築30年以上中小ビル賃貸経営者/後継者向け
.
昭和の需要激増地価右肩上がり時代は、収益ビルは古くなれば建替えオプションがありました。だから、築古ビル資産の経営を考える必要がなく、ビル経営=プロパティマネジメント(管理)で十分でした。けれども人口激減、需要激減時代には、ビル資産経営者は、自分で経営利益を守り資産を守らなければいけません。 逆に言えば、自分でビル資産経営を続けるだけで、収益ビルは利益を産み続け、社会環境の変動に関わらず、利益を産む価値ある資産であり続けるのです。

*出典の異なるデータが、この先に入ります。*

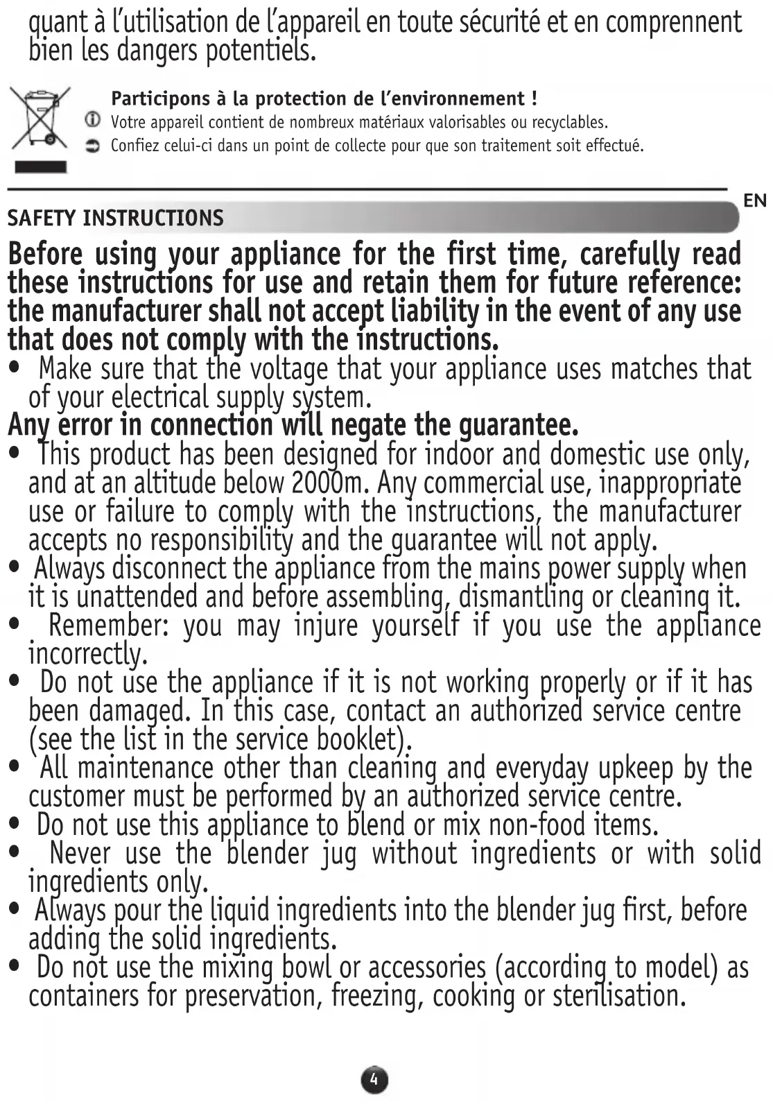 - This product has been designed for indoor and domestic use only, and at an altitude below 2000m. Any commercial use, inappropriate use or failure to comply with the instructions, the manufacturer accepts no responsibility and the guarantee will not apply.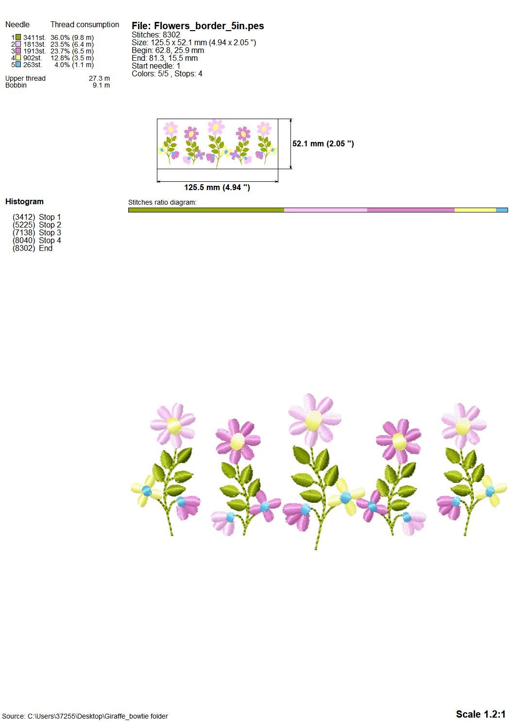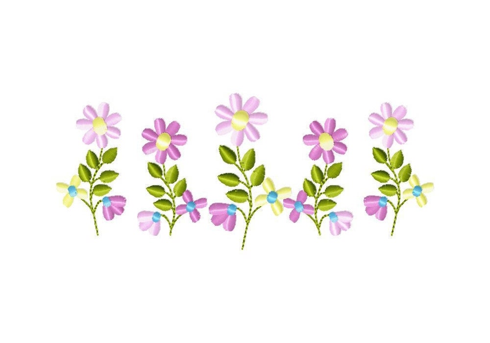 Summer Daisies 5 flowers in a row, floral line of 5 simple cute blossoms - machine embroidery designs size 4, 5, 6, 7" Sizes
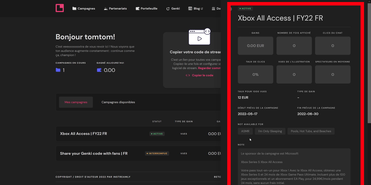 Déjà, il va falloir s’inscrire sur le site InStreamly, ensuite vous allez pouvoir vous identifier avec la plateforme de votre choix, en l’occurrence Twitch. Identifiez vous, donnez les autorisations, et vous arriverez sur votre tableau de bord. Pour commencer à afficher des campagnes sur votre stream, c’est simple, cliquez sur « Campagnes disponibles » et vous verrez toutes les campagnes en cours. Certaines campagnes ne rapportent pas d’argent, exemple avec les campagnes pour promouvoir le Pride Month et pour promouvoir Genki, qui est un autre service d’InStreamly. Mais il y a aussi évidemment des campagnes qui rémunèrent, exemple avec la campagne Xbox ici, où il est précisé qu’elle rapporte 12 € pour 1000 vues.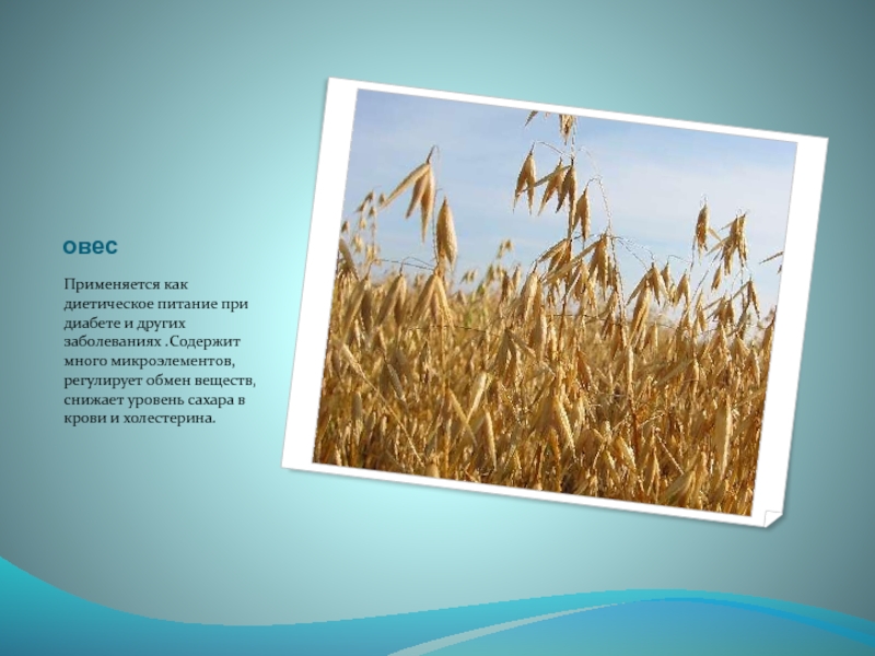 овесПрименяется как диетическое питание при диабете и других заболеваниях .Содержит много микроэлементов, регулирует обмен веществ, снижает уровень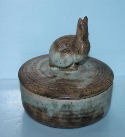 Covered Pottery Jar with Rabbit; 5" dia., 5" h. Covered Pottery Jar with Rabbit; 5" dia., 5" h.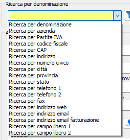 In alto nella finestra dell'anagrafica clienti è presente una sezione dove è possibile eseguire ricerche sulle anagrafiche stesse. Dalla stessa area è possibile applicare dei filtri per visualizzare solo alcune anagrafiche.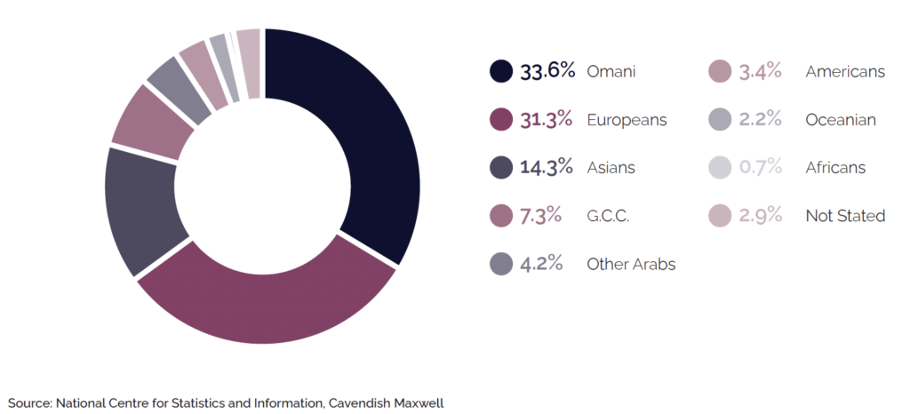 Omani nationals remained the backbone of the hospitality sector, holding the largest share of guests. Europeans and Asians also ranked among the top three nationality groups in 3-5 star hotels, with European visitors up 20.1% compared to the same period last year. Although Oceanians accounted for a smaller share, they posted the highest growth rate among all nationalities.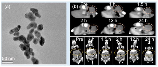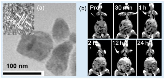 Liu et al. synthesized 1,2-distearoyl-sn-glycero-3-phosphoethanolamine-N-methoxy(polyethylene glycol)-3000 (DSPE-PEG)-coated TaS2 NSs (PEG-TaS2 NSs) (d = 50–100 nm and HD = ~110 nm) for safe and efficient cancer treatment (Figure 10a) [50]. The TaS2 NSs were synthesized using the combinatorial grinding of bulk TaS2 and sonication processes and then coated with DSPE-PEG in aqueous media. The PEG-TaS2 NSs demonstrated high X-ray attenuation (6.3 HU/mM) at 120 kVp (similar to that of Iobitridol). After intravenous injection (4.5 mg Ta/kg), contrast enhancements at the liver (Figure 10b) were observed, demonstrating the potential of the NSs as CT contrast agents. The PEG-TaS2 NSs showed extended circulation times due to the PEG coating [20,21,22], making them useful for in vivo imaging and drug delivery, as well as cancer theranosis through the EPR effect.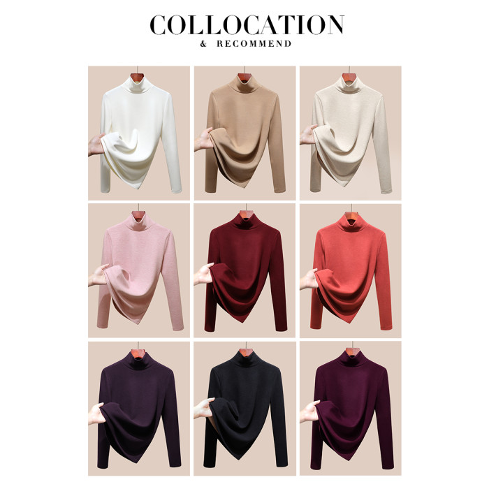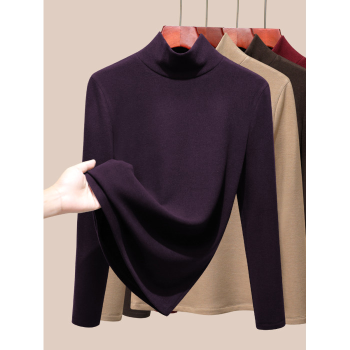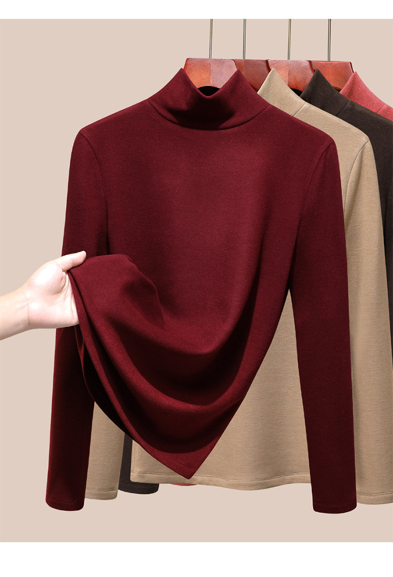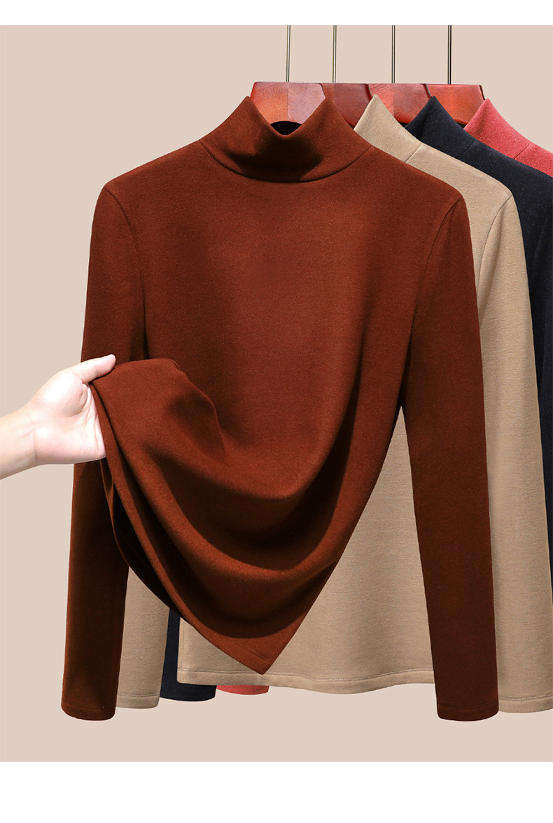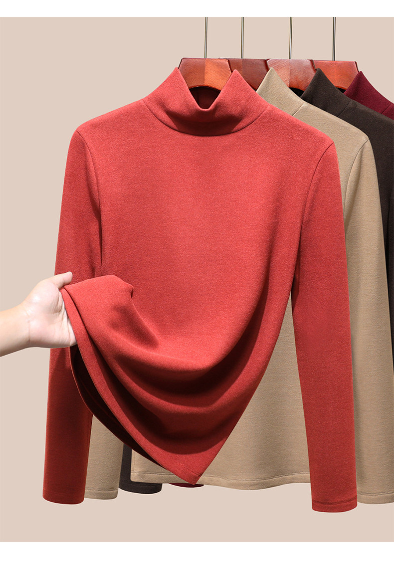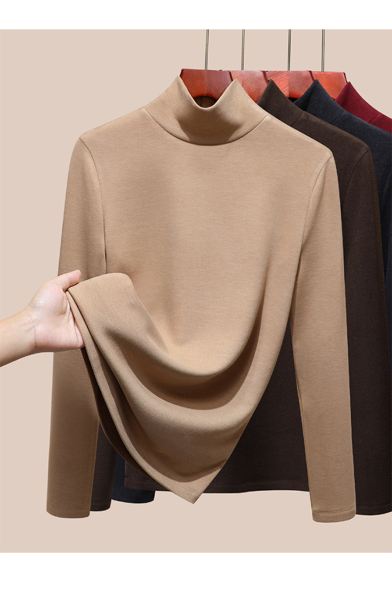 發熱保暖雙面腈綸加絨加厚高級蠶絲大碼正肩打底衫高領長袖t恤女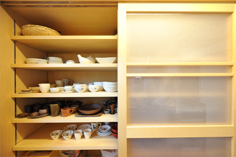 キッチンの背面には陶芸が趣味の奥様の作品がしまえるように作り付けられた食器棚&家電収納があります。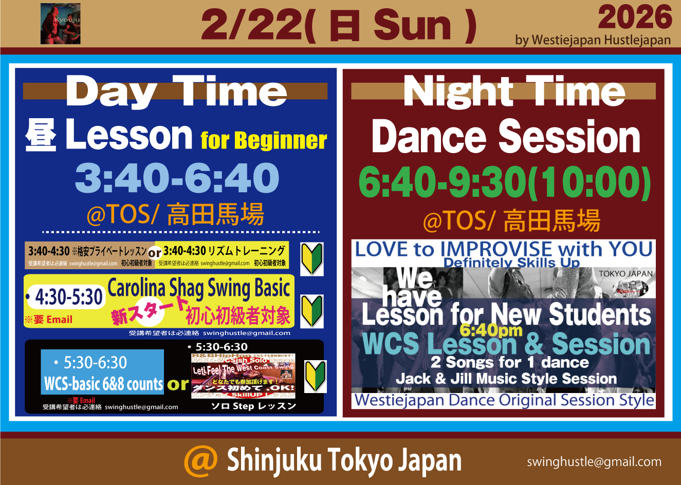 ■2/21(Sat) 【Night Time】7:00-10:00pm @TOS会場/高田馬場/Takadanobaba Tokyo

収益ビルは、分散修繕の建物長寿化プランを作成しても、賃貸が継続できなければ、経営が成り立たず建物の維持ができなくなります。だから単に建物の延命だけではなく、同時に賃貸で選ばれるビルであり続けるための賃貸効果目的の工事も必要になります。ところが賃貸効果目的工事は、費用をかければ比例して賃料効果が出る類のものではありません。 だから収益ビルの建物アセットマネジメントの資本的支出工事は、単に低予算では足りず、低予算かつ「高(賃料)効果」が、将来リスクを高めないために必要です。つまり分散修繕を単独では考える事ができず、賃貸と工事を一体で考えなければいけません。それが安定ビル資産経営です。そしてそれは、これから見ていく通り、さほど難しくありません。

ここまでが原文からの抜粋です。